First, on the investment side, improving firms’ profit expectations can enhance their willingness to invest. Profits generally depend on a firm’s production costs and the revenue from product sales. Comparatively, the risks associated with product sales are difficult to estimate accurately, making them more likely to affect profit expectations. Therefore, improving market feedback on firms’ profit expectations can start with actively expanding consumption, thereby enlarging profit margins and countering the current weak trend in profit expectations.
It is essential to “seek progress while maintaining stability” by stabilizing and expanding traditional consumption. This can be accomplished by cultivating and expanding new types of consumption such as digital, green, and health-related consumption. Such an expansion would enhance profit expectations in related industries, thereby driving investment in these consumption scenarios. On the other hand, it is also important to “promote stability through progress” by enhancing standards in technology, environmental protection, and other key areas to drive the upgrade and renewal of traditional consumer goods, thereby stabilizing profit expectations in traditional industries and spurring fixed-asset investment in related sectors.
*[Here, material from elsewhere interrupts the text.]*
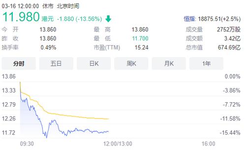 受此影响,3月16日,康师傅股价大跌,截至中午休市,康师傅控股股价报11.98港元,跌13.56%,总市值674.69亿元。

Second, on the consumption side, improving consumers’ income expectations can enhance their willingness to spend. This relies on improving residents’ assessments of income risks and employment prospects, which are closely related to companies’ investment activities and business operations. Therefore, improving market feedback on consumers’ income expectations, and reversing weak trends in these expectations, can also be achieved by actively expanding corporate investment. In this way, government investment plays a leading and amplifying role in driving private investment. Key areas to support include breakthroughs in critical core technologies, the development of new infrastructure, the advancement of energy-saving and carbon-reduction technologies, and the cultivation of new growth drivers.
On this basis, it is also necessary to clear out industries that have redundant layouts and are excessively competitive to address overcapacity. By doing so, the positive impact of investment will expand and optimize employment. This will effectively increase the incomes of urban and rural residents, enhance consumers’ income expectations, and boost their willingness to consume.
Na Yi is an associate professor from the School of Economics at Nankai University.